● PROVIDED INFORMATION
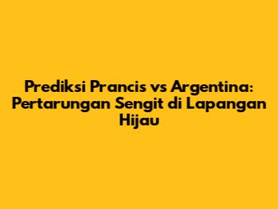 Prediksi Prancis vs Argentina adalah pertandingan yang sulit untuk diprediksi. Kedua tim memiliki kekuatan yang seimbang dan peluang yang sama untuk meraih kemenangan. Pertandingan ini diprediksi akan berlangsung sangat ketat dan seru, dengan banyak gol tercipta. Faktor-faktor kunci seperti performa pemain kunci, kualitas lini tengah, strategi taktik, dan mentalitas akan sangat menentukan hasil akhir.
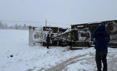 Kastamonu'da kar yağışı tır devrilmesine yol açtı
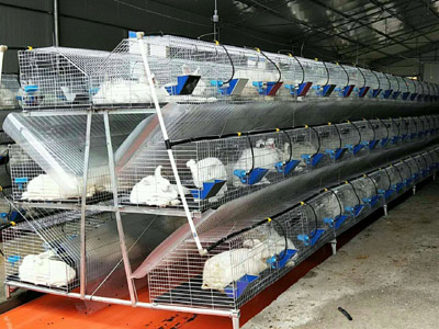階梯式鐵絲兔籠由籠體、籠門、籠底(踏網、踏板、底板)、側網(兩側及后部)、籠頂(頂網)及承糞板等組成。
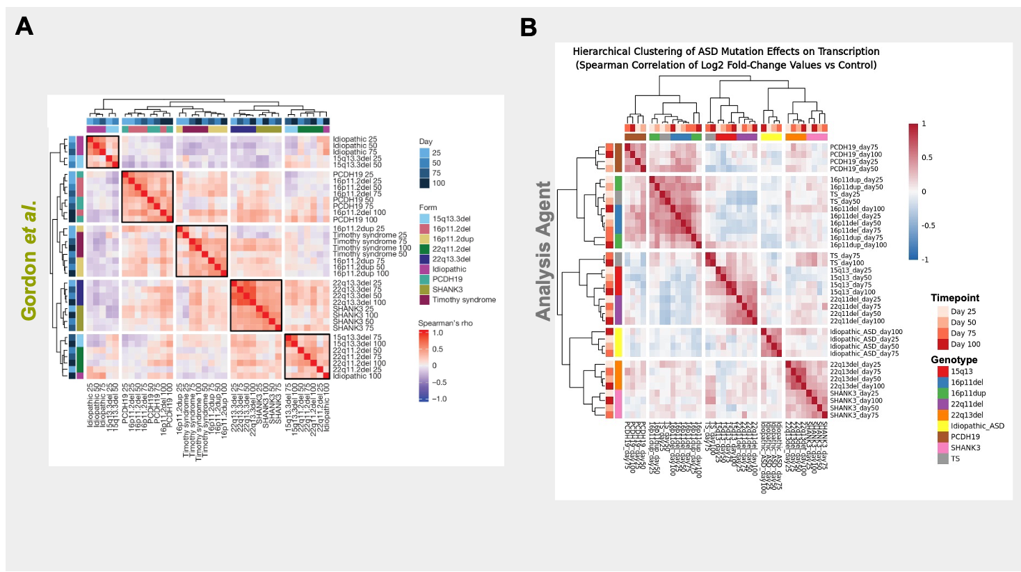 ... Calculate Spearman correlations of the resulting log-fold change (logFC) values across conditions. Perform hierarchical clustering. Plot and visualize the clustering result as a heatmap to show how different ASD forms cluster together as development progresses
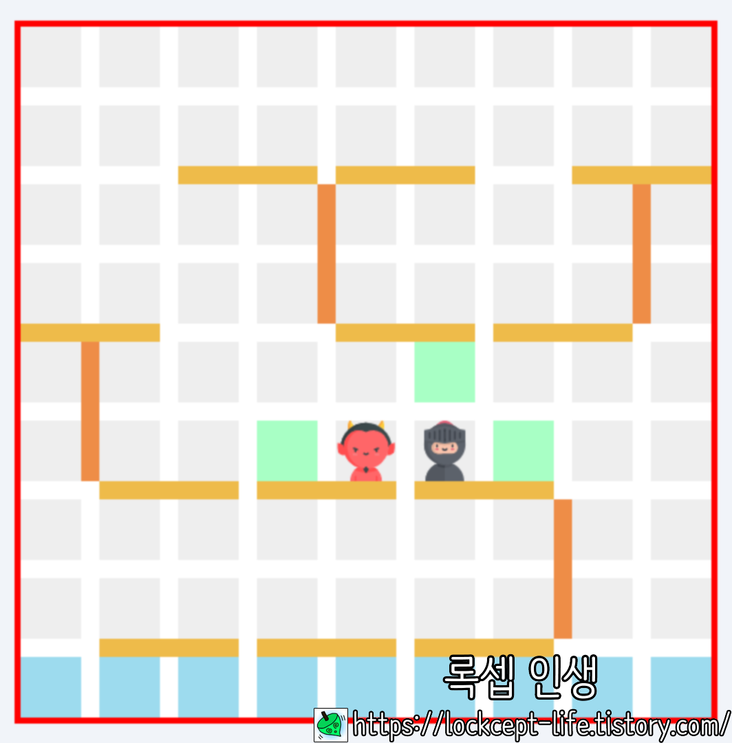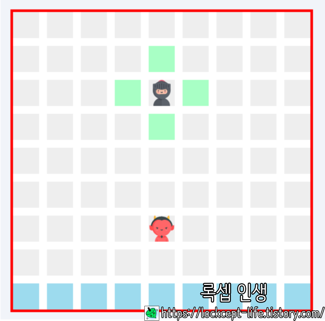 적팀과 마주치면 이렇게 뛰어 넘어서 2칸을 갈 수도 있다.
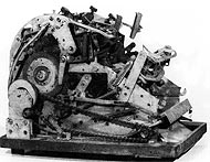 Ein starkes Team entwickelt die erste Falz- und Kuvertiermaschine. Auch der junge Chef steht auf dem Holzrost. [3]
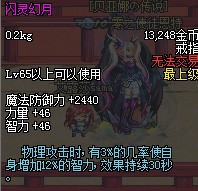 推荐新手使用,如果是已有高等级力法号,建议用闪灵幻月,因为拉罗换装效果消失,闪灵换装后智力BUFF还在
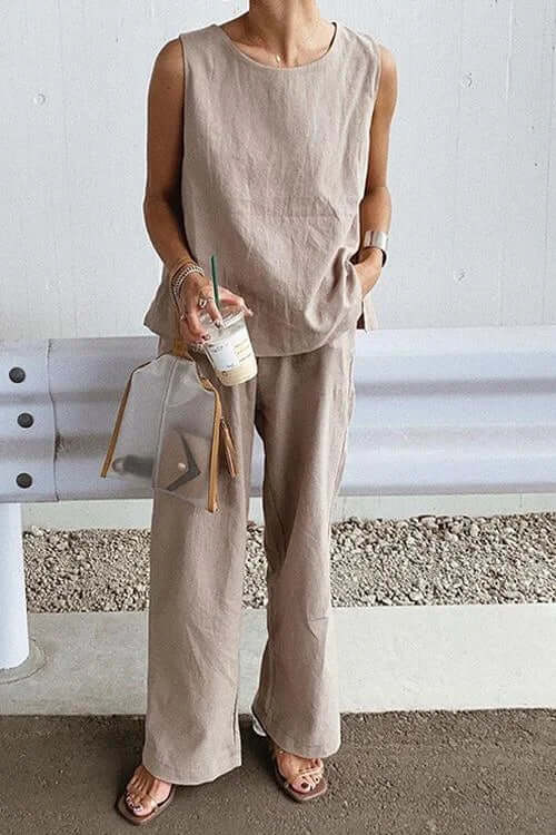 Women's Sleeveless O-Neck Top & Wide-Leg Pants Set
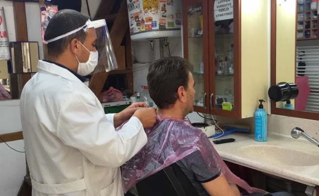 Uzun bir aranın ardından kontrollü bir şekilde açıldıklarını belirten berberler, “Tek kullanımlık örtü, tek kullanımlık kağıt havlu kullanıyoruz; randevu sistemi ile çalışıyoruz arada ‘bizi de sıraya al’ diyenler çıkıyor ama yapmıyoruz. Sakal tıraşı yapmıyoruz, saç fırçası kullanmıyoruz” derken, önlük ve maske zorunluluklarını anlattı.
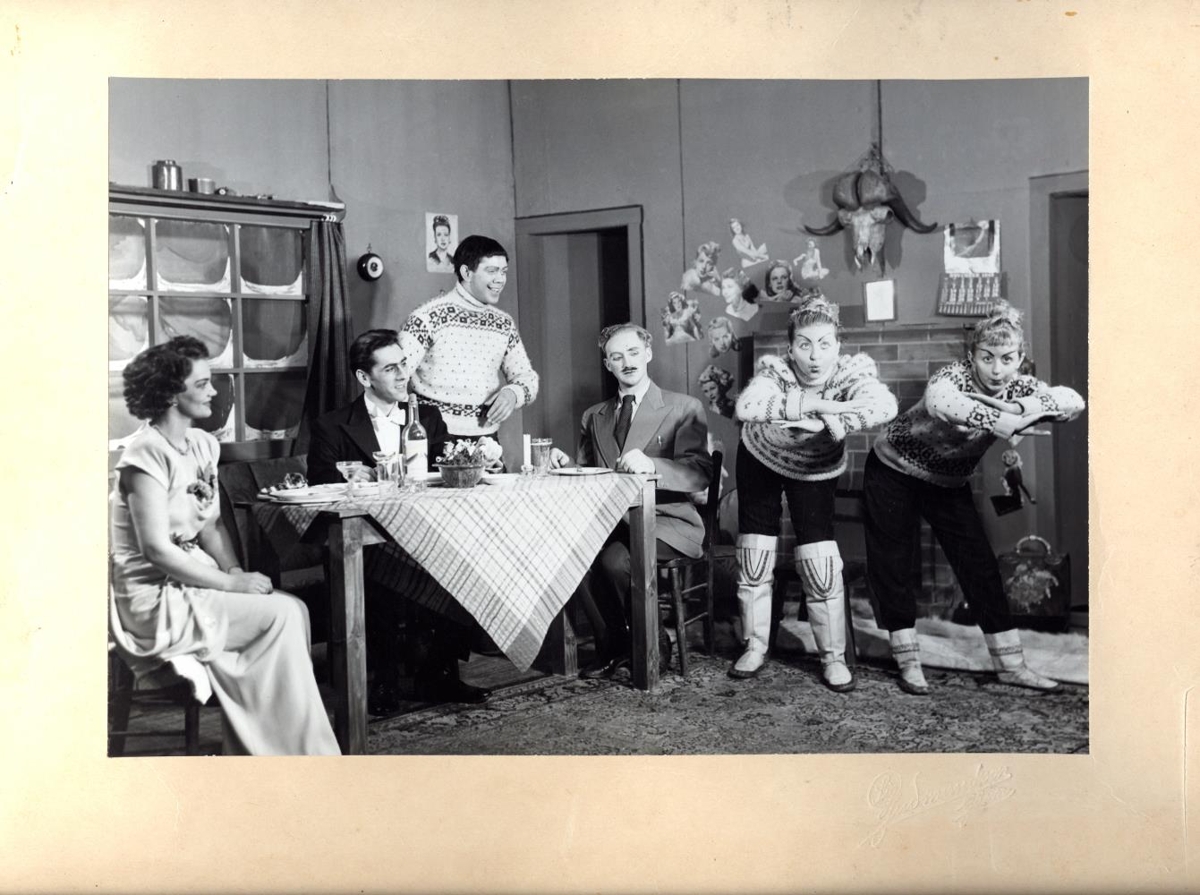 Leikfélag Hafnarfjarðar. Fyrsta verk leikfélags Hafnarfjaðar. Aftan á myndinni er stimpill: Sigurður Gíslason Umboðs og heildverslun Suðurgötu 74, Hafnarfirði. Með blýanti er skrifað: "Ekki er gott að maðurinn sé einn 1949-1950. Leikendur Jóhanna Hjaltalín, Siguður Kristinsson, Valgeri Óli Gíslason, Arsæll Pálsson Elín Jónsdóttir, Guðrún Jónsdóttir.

● EXERCISE DESCRIPTION
All entries above should be printed exactly, though without their pictures.

● YOUR RESPONSE
 Prediksi Prancis vs Argentina adalah pertandingan yang sulit untuk diprediksi. Kedua tim memiliki kekuatan yang seimbang dan peluang yang sama untuk meraih kemenangan. Pertandingan ini diprediksi akan berlangsung sangat ketat dan seru, dengan banyak gol tercipta. Faktor-faktor kunci seperti performa pemain kunci, kualitas lini tengah, strategi taktik, dan mentalitas akan sangat menentukan hasil akhir.
 Kastamonu'da kar yağışı tır devrilmesine yol açtı
階梯式鐵絲兔籠由籠體、籠門、籠底(踏網、踏板、底板)、側網(兩側及后部)、籠頂(頂網)及承糞板等組成。
 ... Calculate Spearman correlations of the resulting log-fold change (logFC) values across conditions. Perform hierarchical clustering. Plot and visualize the clustering result as a heatmap to show how different ASD forms cluster together as development progresses
 적팀과 마주치면 이렇게 뛰어 넘어서 2칸을 갈 수도 있다.
 Ein starkes Team entwickelt die erste Falz- und Kuvertiermaschine. Auch der junge Chef steht auf dem Holzrost. [3]
 推荐新手使用,如果是已有高等级力法号,建议用闪灵幻月,因为拉罗换装效果消失,闪灵换装后智力BUFF还在
 Women's Sleeveless O-Neck Top & Wide-Leg Pants Set
 Uzun bir aranın ardından kontrollü bir şekilde açıldıklarını belirten berberler, “Tek kullanımlık örtü, tek kullanımlık kağıt havlu kullanıyoruz; randevu sistemi ile çalışıyoruz arada ‘bizi de sıraya al’ diyenler çıkıyor ama yapmıyoruz. Sakal tıraşı yapmıyoruz, saç fırçası kullanmıyoruz” derken, önlük ve maske zorunluluklarını anlattı.
 Leikfélag Hafnarfjarðar. Fyrsta verk leikfélags Hafnarfjaðar. Aftan á myndinni er stimpill: Sigurður Gíslason Umboðs og heildverslun Suðurgötu 74, Hafnarfirði. Með blýanti er skrifað: "Ekki er gott að maðurinn sé einn 1949-1950. Leikendur Jóhanna Hjaltalín, Siguður Kristinsson, Valgeri Óli Gíslason, Arsæll Pálsson Elín Jónsdóttir, Guðrún Jónsdóttir.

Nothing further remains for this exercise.